4 Responses to Liberal Propaganda is Not Selling Ads

  1. gjrebane says:

    I wonder how the tie-in to online advertising affects the above plot since there has been a shift of ads from print to both Internet and the multiple cable channels now available. Another correlation that would be of interest is print readership vs print advertising.

  2. Michael Anderson says:

    Everything you know is wrong…

    • Greg Goodknight says:

      And I think they’re all Bozos on Pelline’s bus.

      (One obscure Firesign Theater reference deserves another…)

      The business of most media is delivering eyeballs to advertisements. Print and broadcast are in the same business. Social media too; if you are a Facebook user, you are the product being sold to commercial interests and Facebook is just the flypaper that keeps you there.

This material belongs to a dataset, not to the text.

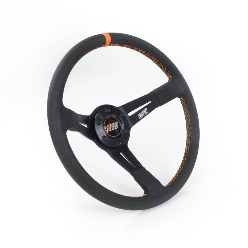 Two different covering materials are offered both featuring the MPI Orange™ marker: Suede and Pixel. The selected suede covering gives a very high grip feel, reducing the effort needed to hold the wheel while increasing driver feeling and giving a sporty look. This is the preferred material for drifting and tuner usage. The Pixel (PX) covering is an extreme weather, washable material and its MPI Orange™ crossed stitching is a preferred material for outdoor and off-road usage.

      If you don’t deliver the eyeballs, the money for advertising eventually goes elsewhere.

  3. Russ says:

    by Stephen Frank on 02/26/2012

    Instead of buying a dead tree with ink on it, you can inconvenience electrons, to get information. Now the LA Times thinks by charging you for reading more than 15 stories a month you will pay for the information you already get free.

    “After the 99 cents for the first four weeks, the rate will rise to $1.99 a week in a package that also includes the Sunday newspaper. Digital-only access will cost $3.99. Online access will be included at no extra charge for print subscribers.”

    Why pay for misleading stories, half truths and omissions that are harmful to the elites? In the end the business model of the dead tree turning into an electron does not work. Folks won’t pay for propaganda—they want facts. As long as climate dictators lie about global warming, that paper can not be trusted on anything. What do you think?